A mother’s breast cancer impacts children differently depending upon the child’s age and developmental stage and should be considered when deciding how to discuss the disease with the child (Heiny, et al., 2001), when behavioral changes related to the breast cancer need to be distinguished from normal developmental changes (Shands, et al., 2006) and when determining how to best clinically intervene (Faulkner & Davey, 2002). Literature suggests that young children do not understand the concept if cancer due to their concrete mode of thinking, but their emotional responses are mainly fear, loneliness, anger and uncertainty. Older school-age children are aware that they have more household responsibilities and chores, but they are more concerned with their own interests and activities, which is appropriate for their egocentric perspective (Faulkner & Davey, 2002; Petersen, et al., 2003). Adolescents however are at greater risk for emotional distress. They report that their lives are complicated by their mothers diagnosis, and they feel torn with struggling for independence and forming a separate identity but they know they are needed at home emotionally and physically (Faulkner & Davey, 2002). They tend to take on more roles and responsibilities which may hinder their progress towards autonomy during their developmental stage (Davey, Gulish, Askew, Godette, & Childs, 2005; Faulkner & Davey, 2002; Petersen, et al., 2003).
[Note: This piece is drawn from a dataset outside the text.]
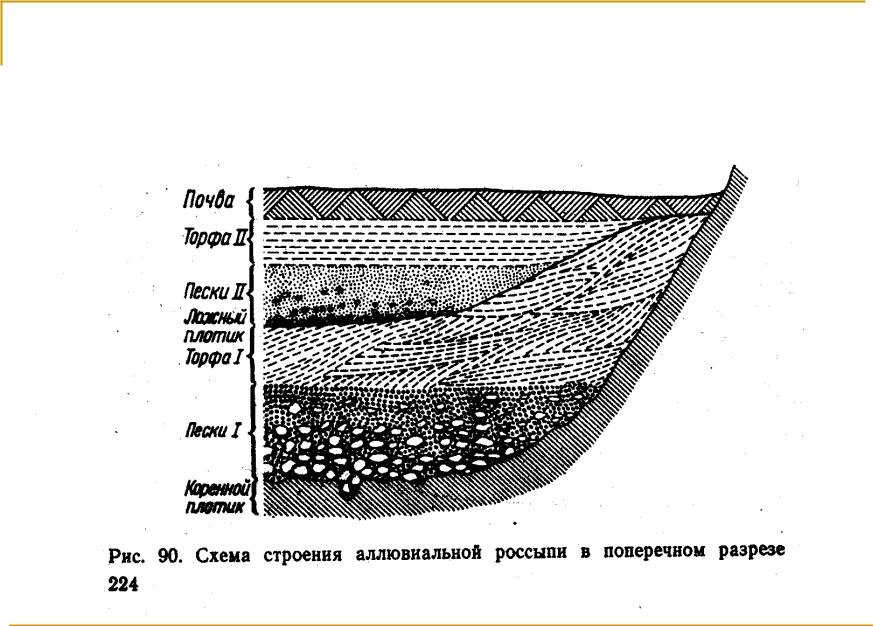 Плотиковый – проявляется при наличии плотных пород на пути вертикальной миграции обломочных частиц. В результате образуются повышенные концентрации тяжелых минералов (аллювиальные россыпи золота, платиноидов, касситерита и др.).

They are of
age to comprehend the life-threatening disease and thus are more vulnerable to emotional distress (Faulkner & Davey, 2002). There are gender differences in the way adolescents cope with their mothers’ diagnosis (Davey, et al., 2005; Faulkner & Davey, 2002; Petersen, et al., 2003). Daughters are more affected because they want to support their mother but may be resentful of taking on their tasks due to their socialized gender role in the family, as well as being fearful of inheriting the disease which may cause them to withdrawal (Faulkner & Davey, 2002; Petersen, et al., 2003), whereas adolescent sons may just avoid communication about the illness and situation (Faulkner & Davey, 2002).
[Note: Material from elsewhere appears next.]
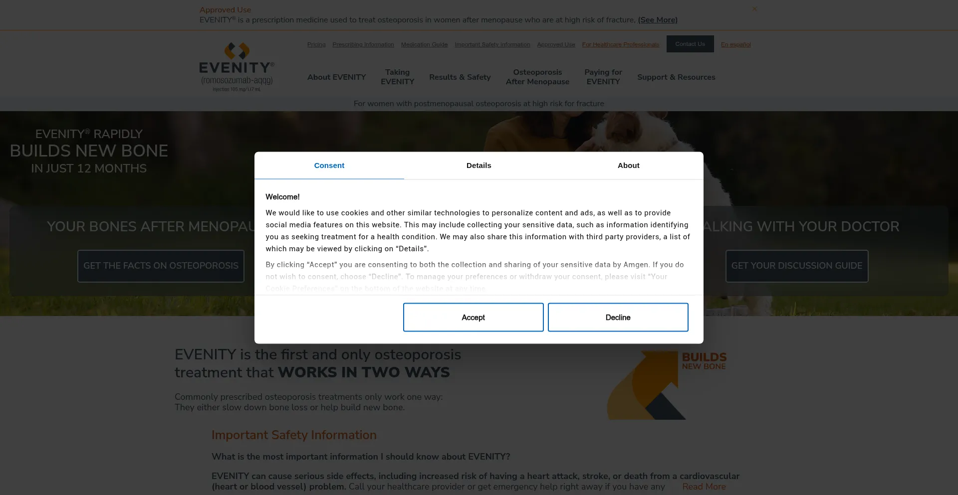 Learn more about EVENITY®, a prescription treatment for women with postmenopausal osteoporosis that can help build bone in just 12 months. See Full Prescribing & Safety Info.

While studies on family interventions with children are lacking in relation to breast cancer, it has been suggested that they would be beneficial and that family therapists can provide emotional and social support to the family, helping them find ways to tell their children, navigate the stresses of coping with cancer, promote shared family understanding and open communication (Davey, et al., 2005; Faulkner & Davey, 2002; Heiny, et al., 2001).

Conclusion


In aggregate, the literature supports the importance of viewing breast cancer in a family context, noting the negative impact that breast cancer has not only on the patient, but on the couple dyad, and the psychological well-being of the partners and children of women facing breast cancer. Implications suggest that despite the current advances in medical family therapy, interventions are essential in the medical treatment of breast cancer. Family interventions are needed, emphasizing services for partners and caretakers for coping strategies, and working with couples to optimize communication and emotional support, and to help alleviate sexual dysfunction. Research findings suggest that resources targeting younger couples, children and adolescents are in particularly high demand. There is also a growing need to provide therapy for survivors and that adjuvant
models of care should be developed beyond core treatment.

Directions for Future Research

While the literature on female patients of breast cancer is extensive, more research should explore the effects of male patients with breast cancer to examine if there are gender differences on the impact for them and their caregivers. As the literature was predominantly representative of heterogeneous couples; more research should be conducted to examine a variety of dyadic relationships and the unique relational distresses they may experience while facing breast cancer. Diverse cultural populations should also be further examined to increase the generalizability of these findings outside of the American, middle class Caucasian population.